Dia percaya bila timnya banyak mendapatkan hasil positif, itu akan membuat pemain lebih bersemangat lagi. ”Karena umumnya di setiap tiga poin yang didapatkan, akan muncul sebuah kepercayaan diri,” tambah mantan pemain PSMS Medan itu.
Selain dihadapkan dengan tantangan dari kubu lawan, Singo Edan juga akan berada dalam bayang-bayang rekor minor. Statistik mereka saat berstatus tim tamu di musim ini tak begitu cemerlang. Tercatat, dari 14 kekalahan yang dirasakan sejauh ini, 7 di antaranya dirasakan saat mereka berstatus sebagai tim tamu.

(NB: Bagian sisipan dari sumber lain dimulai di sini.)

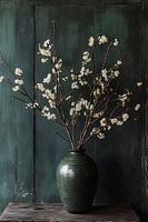 Koop dit bloemen kunstwerk Groene vaas met witte bloesem van Imperial Art House op canvas, aluminium dibond, (ingelijste) fotoprint, behang en ArtFrame, op maat geprint in Fine-Art kwaliteit.

Selain itu, duel melawan Madura United dan Persebaya juga bakal memberikan tantangan sendiri. Jayus Hariono dan kawan-kawan tercatat sering kesulitan saat melawan sesama tim dari Jawa Timur. Dari empat laga sebelumnya, mereka kalah tiga kali kalah, dan hanya sekali menang. Hasil negatif terakhir saat melawan tim asal Jawa Timur didapatkan saat mereka berhadapan dengan Persik Kediri. Bermain di Stadion PTIK, Jakarta, Singo Edan tumbang dengan skor 2-3.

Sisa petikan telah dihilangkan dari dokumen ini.